- [Assignment]:
For this exercise, return only the lines in the records below from the one holding "スギ葉の香り全体にリラックス" through the one holding "Zdjęcie nr 16: Widok", including both, exactly as they appear and without pictures.

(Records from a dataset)
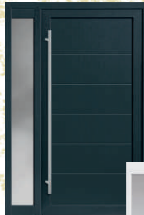
P621 / A621 Seitenteilen Typ A (*Anthrazitgrau 40)
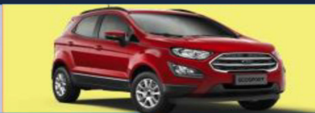
ECOSPORT 1.5L / 1.6L E 2.0L
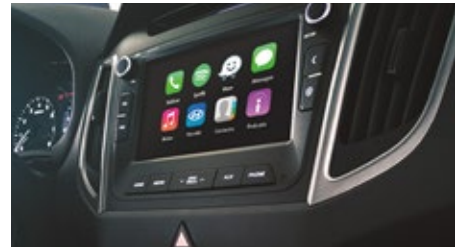
SISTEMA DE ENTRETENIMIENTO HYUNDAI
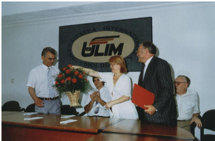
1999. La aniversarea a 60 de ani
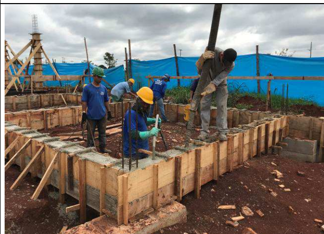
Figura 20C: Concretagem das vigas baldrames.
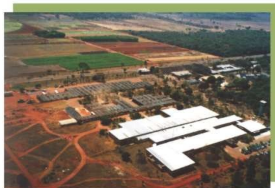
Figura 4. Vista aérea da Embrapa Cerrados, em Brasília, DF.
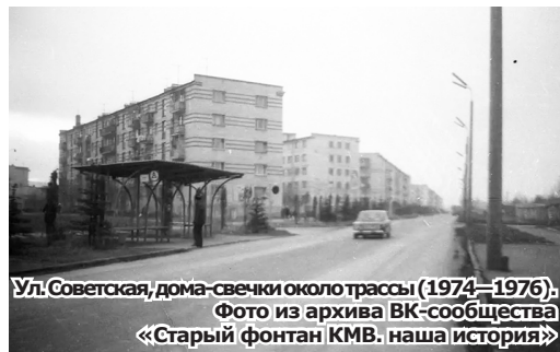
Ул. Советская, дома-свечки около трассы (1974–1976). Фото из архива ВК-сообщества «Старый фонтан КМВ: наша история»
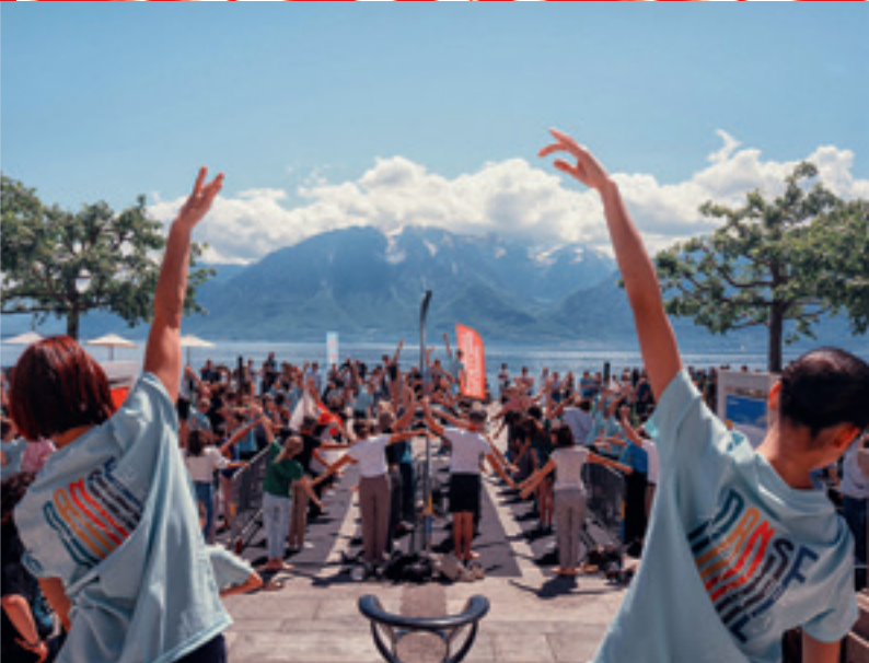
Giga Barre 2025
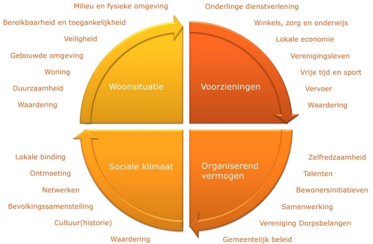
Figuur 1. Vier domeinen en domeinaspecten voor de leefomgeving.
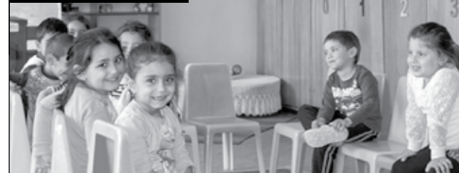
ДГ „Славейче“ - село Чубра
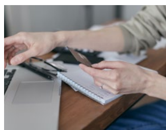
7 Tips inzake de btw
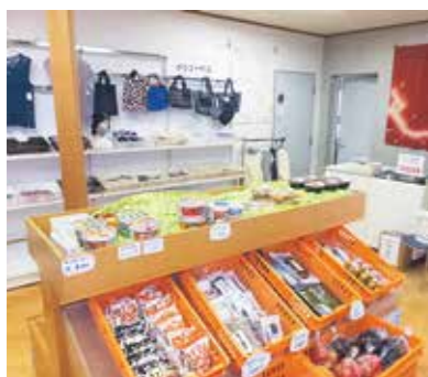
施設内にオープンする売店

■営業日 「悠久の湯平泉温泉」開館日の月曜日・金曜日 ■営業時間 ：午前11時～午後2時
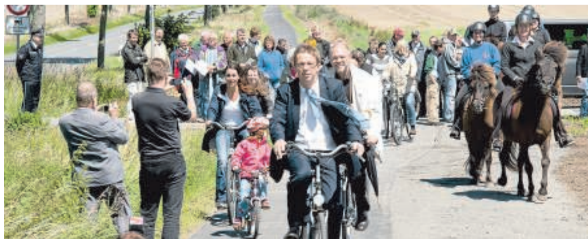
Im August 2012 wurde der Radweg zwischen Heiligendorf und Barnstorf freigegeben. Wolfsburgs Oberbürgermeister Klaus Mohrs radelte vorneweg.
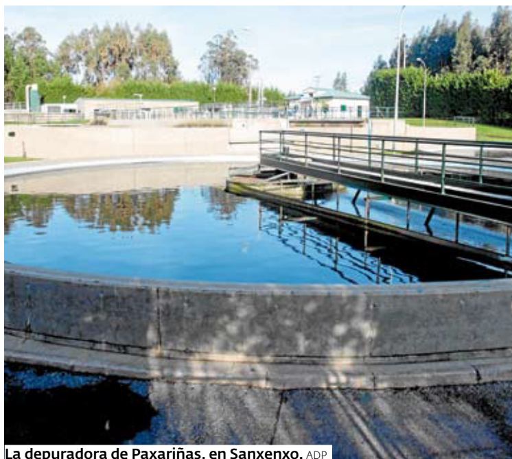
La depuradora de Paxariñas, en Sanxenxo. ADP

A lo largo de este verano se avanzó en el procedimiento expropiatorio levantando las actas previas de ocupación que permitan la disponibilidad de los terrenos. A
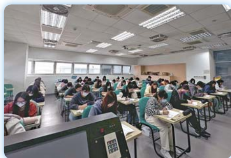
▲學生專注進行英語檢測
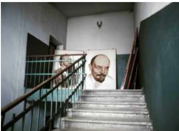
13. Odessa, Ukraina
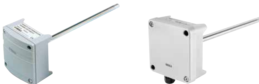
Tableau comparatif du transmetteur de température et d'humidité HUMICAP® HMD60/70 et du transmetteur de température et d'humidité HUMICAP® HMD60
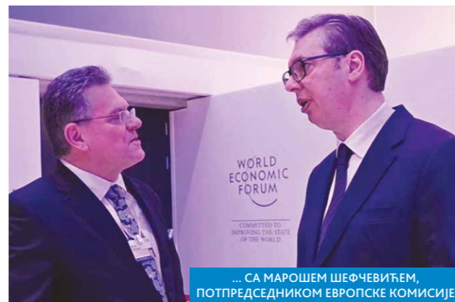
... СА МАРОШЕМ ШЕФЧЕВИЋЕМ, ПОТПРЕДСЕДНИКОМ ЕВРОПСКЕ КОМИСИЈЕ
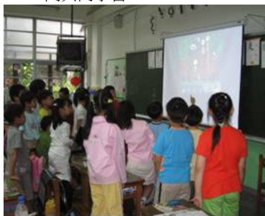
圖 12.敦化國小 RPG 遊戲展示與介紹
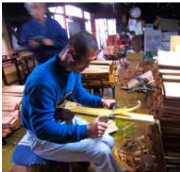
写真3 銚で樽丸をつくる

スギ葉の香り全体にリラックス効果がありますので、その働きが大きいと思われれますが。成分の一つとして含まれているα-ピネンという香り成分に、寝つきを良くする働きがあることが分かっています。そして中途覚醒時間が短いので全体的に睡眠効率が高い結果となります。寝つきを良くすることで知られているラベンダーよりもα-ピネンは効率が良いのです。
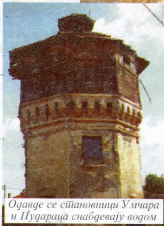
Одавде се становници Умчара и Пудараца снабдевају водом

грађана 50:50, као и побољшање уличне расвете у Центру.
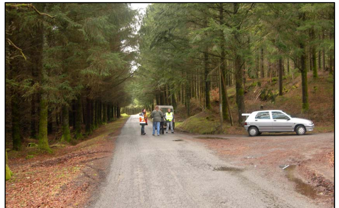
Au bout de la digue de l'étang de la Voûte, le trail partait à droite, plein sud vers l'étang de Condeau....
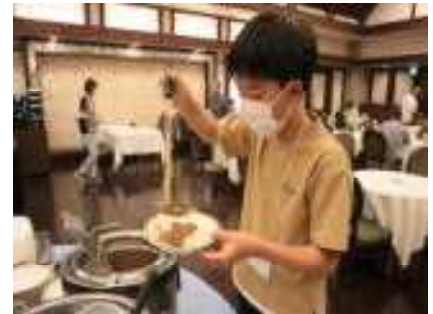
大盛り？牛タンカレー
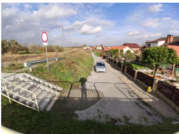
Zdjęcie nr 16: Widok z DK 77, Wał prawostronny, schody zwału do ul. Podwale, Zabudowania w sąsiedztwie istniejących wałów.
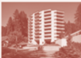
14 — Hochhaus Alpha, Davos Platz
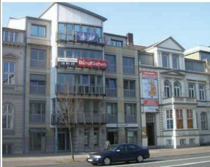
Das spart: Sitzungen und Veranstaltungen finden größtenteils in der Geschäftsstelle des Landesverbandes statt.
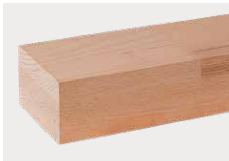
Buche zum Streichen kkk
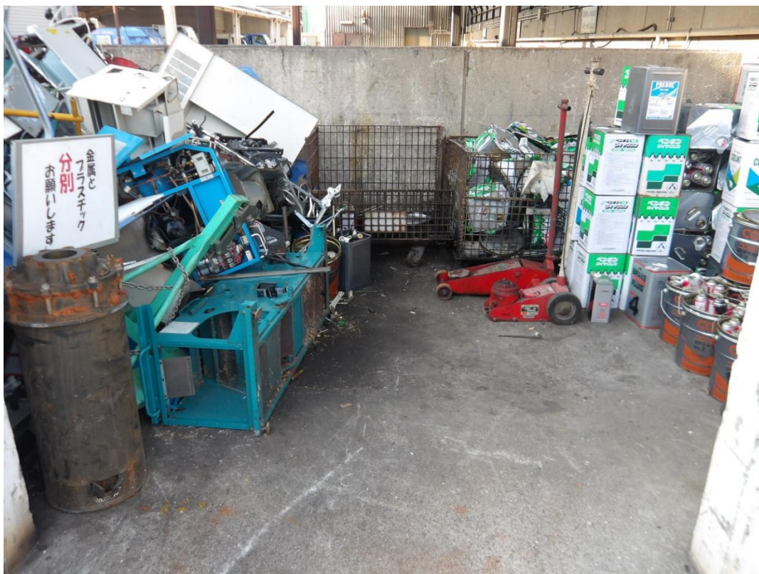
廃材（西から東方向）
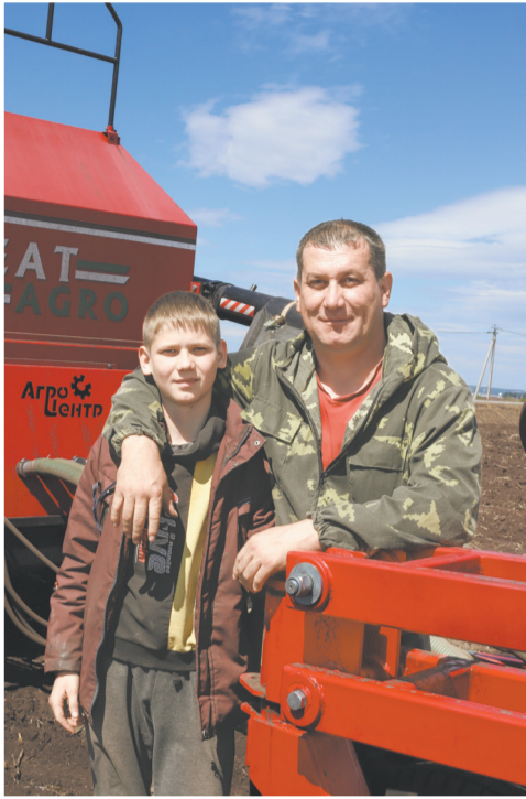
(начало на стр.1)

— От посева до первых всходов может пройти всего неделя, а может и больше, если поведёт с осадками, — объясняет мне руководитель хозяйства.

- [Your solution]:
スギ葉の香り全体にリラックス効果がありますので、その働きが大きいと思われれますが。成分の一つとして含まれているα-ピネンという香り成分に、寝つきを良くする働きがあることが分かっています。そして中途覚醒時間が短いので全体的に睡眠効率が高い結果となります。寝つきを良くすることで知られているラベンダーよりもα-ピネンは効率が良いのです。
Одавде се становници Умчара и Пудараца снабдевају водом

грађана 50:50, као и побољшање уличне расвете у Центру.
Au bout de la digue de l'étang de la Voûte, le trail partait à droite, plein sud vers l'étang de Condeau....
大盛り？牛タンカレー
Zdjęcie nr 16: Widok z DK 77, Wał prawostronny, schody zwału do ul. Podwale, Zabudowania w sąsiedztwie istniejących wałów.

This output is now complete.